Welcome back! Previously, on Optimising Recursive Ascent Parsing, we explored the ideas from a 1990 paper called Optimizing Directly Executable LR Parsers by Peter Pfahler. With the paper’s example grammar, and the described optimisations, we managed to optimise away 6 out of 15 states in the parser. But that’s peanuts compared to what we’ll do in this post! We’ll be taking inspiration from another 1990 paper, this one is called Even Faster LR Parsing by Nigel Horspool and Michael Whitney. The optimisations make the recursive ascent parser significantly smaller, keeping only 4 out of the original 15 states. However, the optimisation steps are not always a performance win on our little test input…
Quick recap
Here’s the example grammar again. The grammar is a simple arithmetic grammar that has been made unambiguous by encoding the precedent relation between multiplication and addition (multiplication binds tighter):
(1) | |
(2) | |
(3) | |
(4) | |
(5) | |
(6) | |
(7) |
The LALR(1) parse table for this grammar is the following:
a | + | * | ( | ) | $ | E | T | F | ||
---|---|---|---|---|---|---|---|---|---|---|
S0 | s S4 | s S5 | S1 | S2 | S3 | |||||
S1 | s S6 | ra 1 | ||||||||
S2 | r 3 | s S7 | r 3 | r 3 | ||||||
S3 | r 5 | r 5 | r 5 | r 5 | ||||||
S4 | r 6 | r 6 | r 6 | r 6 | ||||||
S5 | s S4 | s S5 | S8 | S2 | S3 | |||||
S6 | s S4 | s S5 | S9 | S3 | ||||||
S7 | s S4 | s S5 | S10 | |||||||
S8 | s S6 | s S11 | ||||||||
S9 | r 2 | s S7 | r 2 | r 2 | ||||||
S10 | r 4 | r 4 | r 4 | r 4 | ||||||
S11 | r 7 | r 7 | r 7 | r 7 |
Note that I’ve fused reducing by rule 1 (our only rule of the start symbol) with accepting the input (ra
= reduce + accept). This way we also don’t need a column S
in the goto part of the table.
I’ll repeat the definitions that we’re still using the code:
pub type Iter<'a> = Peekable<Chars<'a>>;
#[derive(Clone, Copy, Debug, Eq, Hash, PartialEq)]

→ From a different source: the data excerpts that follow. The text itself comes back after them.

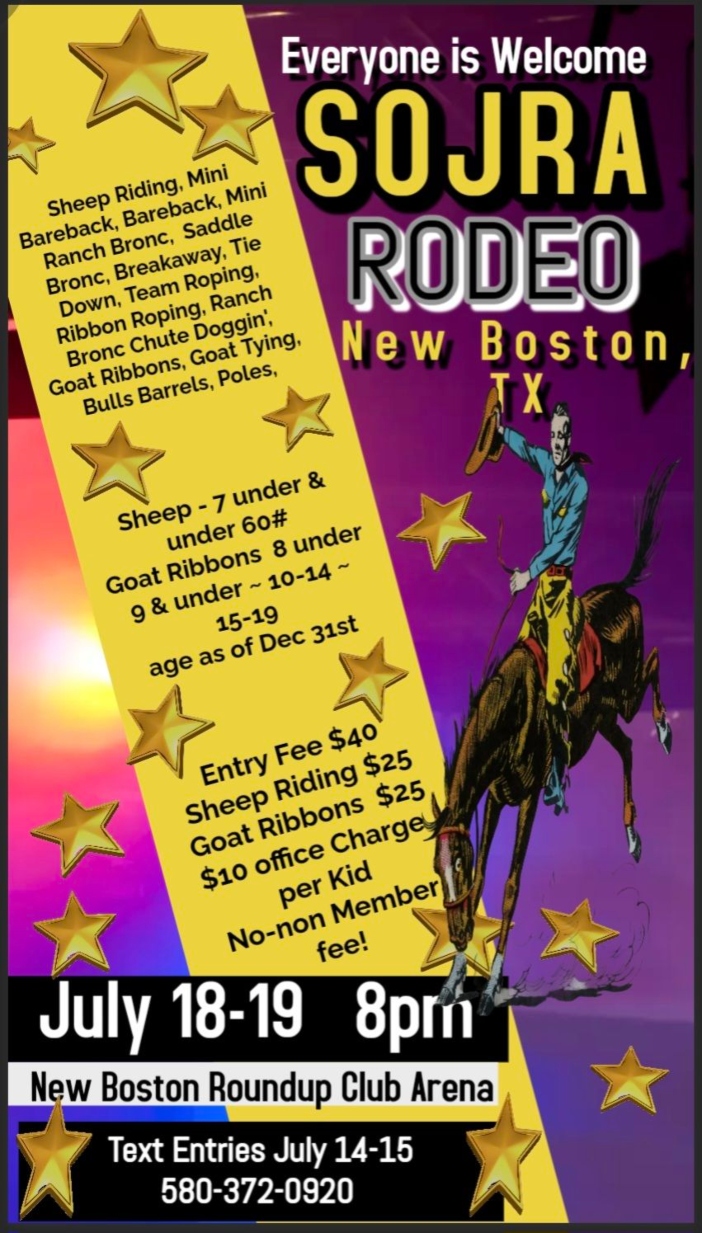 It’s rodeo time in New Boston, and the whole community is invited to join the action! The New Boston Round Up Club is proud to host the Southeast Oklahoma Junior Rodeo Association (SOJRA) Rodeo on Friday and Saturday, July 18–19, 2025 at the New Boston Round Up Club Arena, located at 1154 Daniels Chapel Road.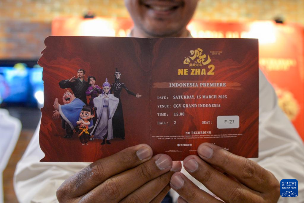 3月15日,在印度尼西亚雅加达,一名参加《哪吒之魔童闹海》首映礼的观众展示电影票。新华社记者 徐钦 摄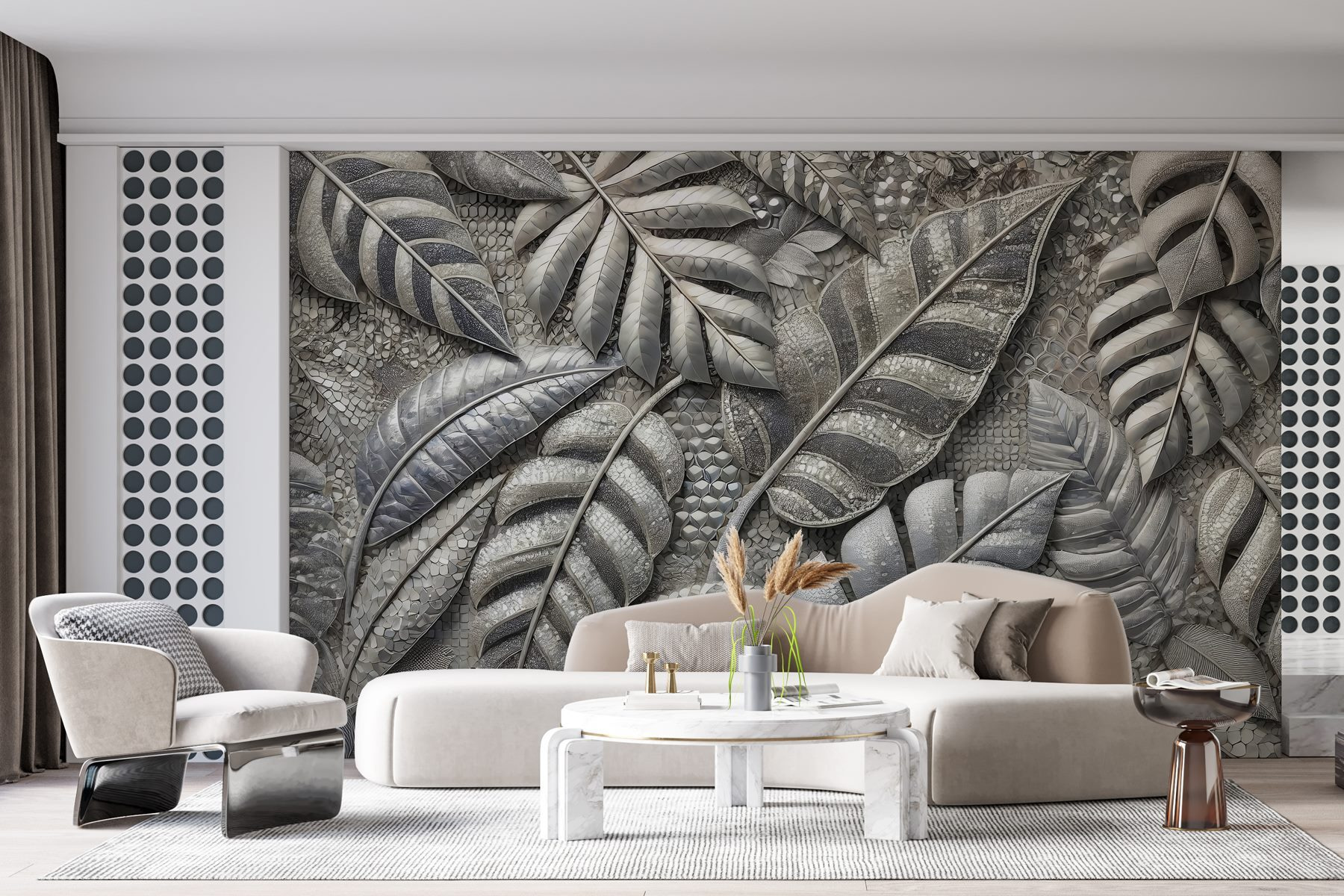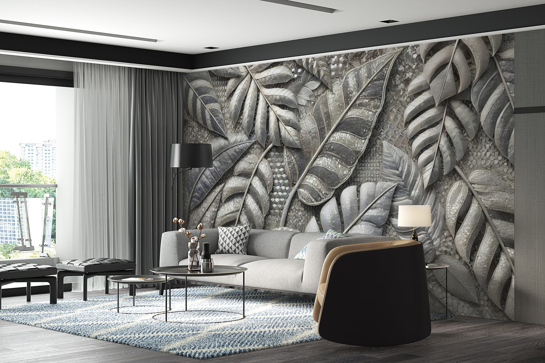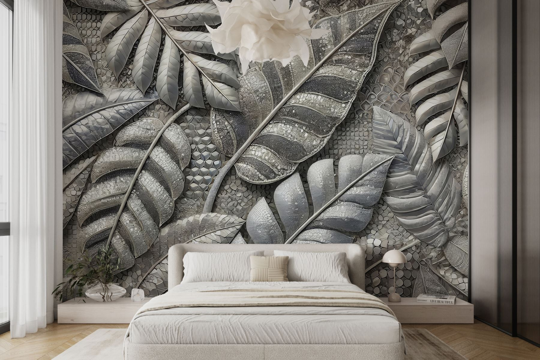 Transforma tu espacio en un refugio sereno con este mural de intrincadas hojas que te harán sentir como si estuvieras entrando en un paraíso tropical. El diseño invita a la naturaleza a entrar, haciendo que cada día sea un poco más fresco. Imagínese tomando el café de la mañana rodeado de los relajantes tonos verdes y terrosos: es como unas minivacaciones en casa. Además, el aspecto único de este mural añade un toque sofisticado sin llamar la atención. Simplemente está ahí, recordándote con estilo que la naturaleza puede ser tu mejor compañera de decoración. Perfecto para refrescar un salón o aumentar el factor acogedor de un dormitorio.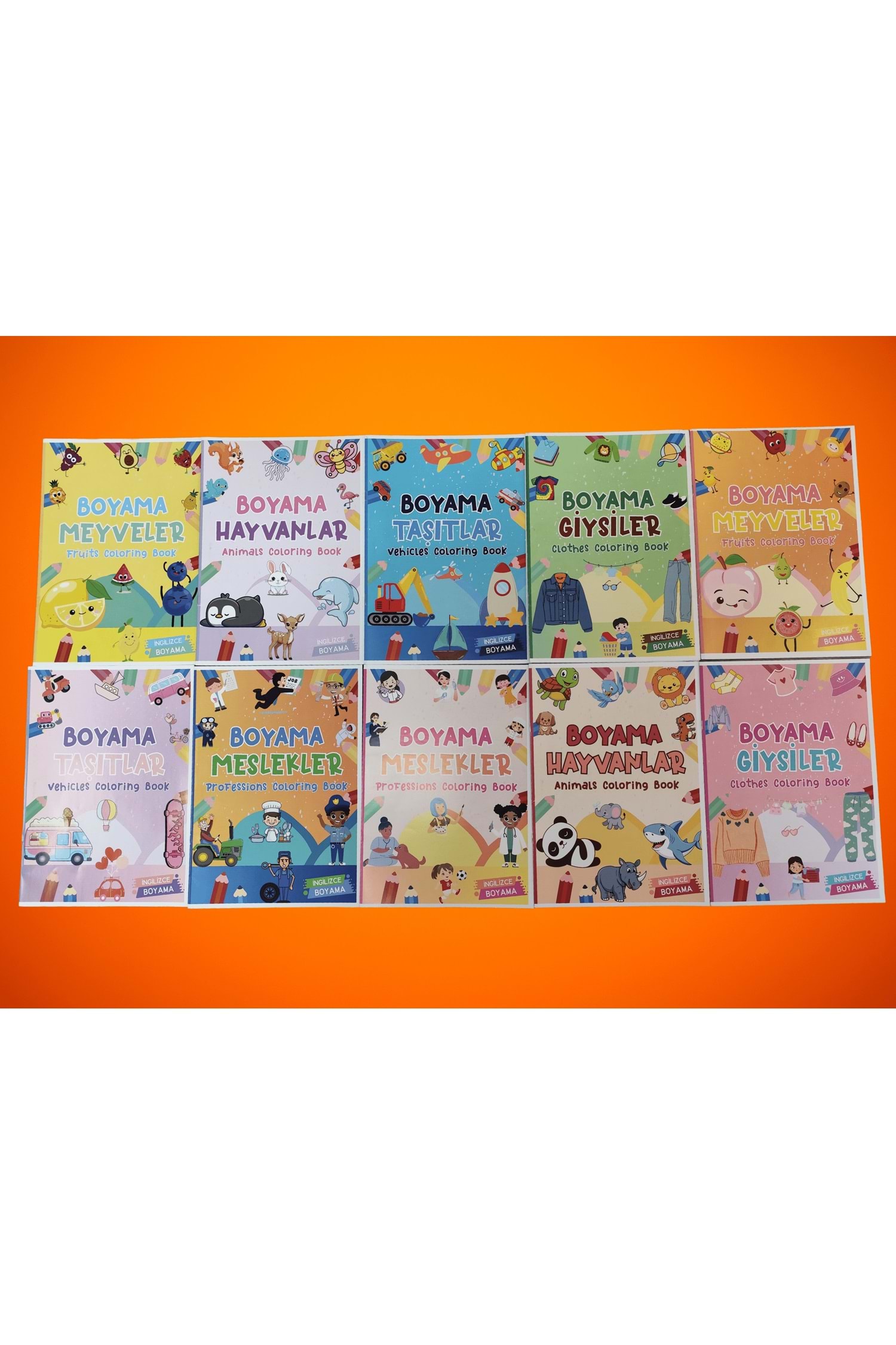 Çocuklar İçin 10’lu Boyama Kitabı Seti - İngilizce Kelimeler - 10 Kitap - 160 Sayfa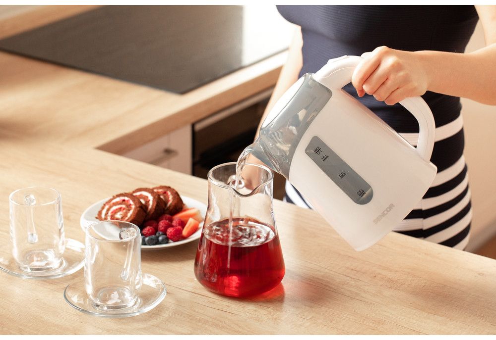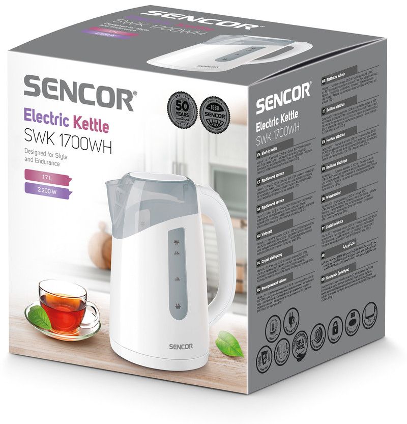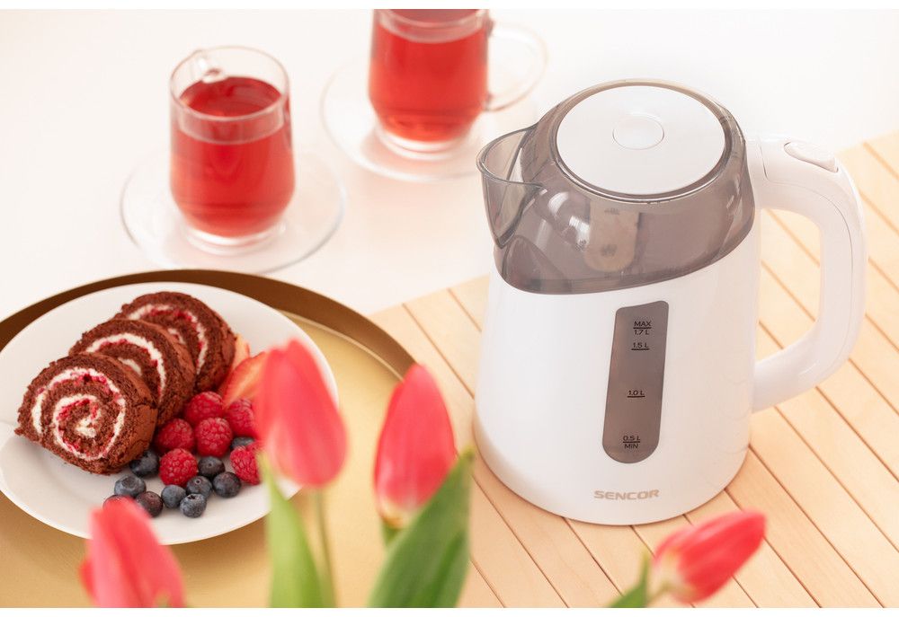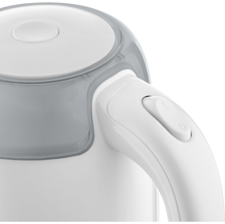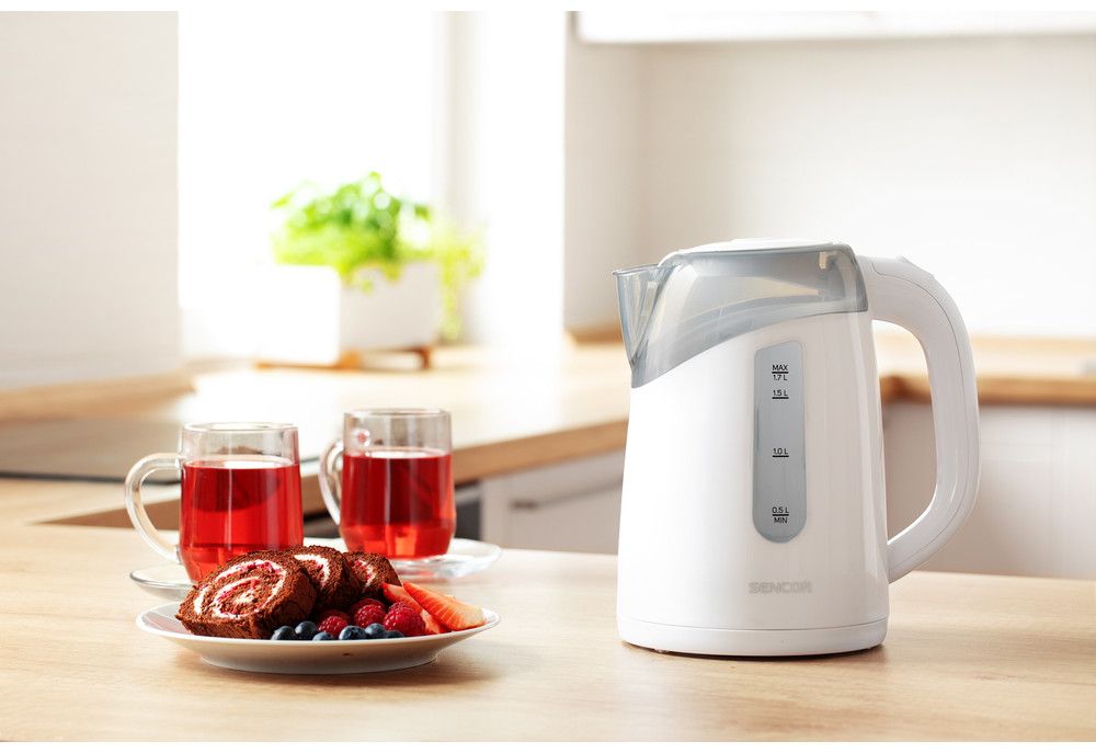 Plastová rychlovarná konvice o objemu 1,7 l. Má trojnásobné bezpečnostní jištění, zakrytou topnou spirálu a indikátor napájení.

pub enum Sort { /* S,*/ E, T, F }
#[derive(Clone, Copy, Debug, Eq, Hash, PartialEq)]
pub enum State { S0, S1, S2, S3, S4, S5, S6, S7, S8, S9, S10, S11, EGoto, TGoto, FGoto }
#[inline(never)]
fn outprod(rule: &str) {
// a semantic action
eprintln!("{}", rule)
}
#[derive(Clone, Copy, Debug, Eq, Hash, PartialEq)]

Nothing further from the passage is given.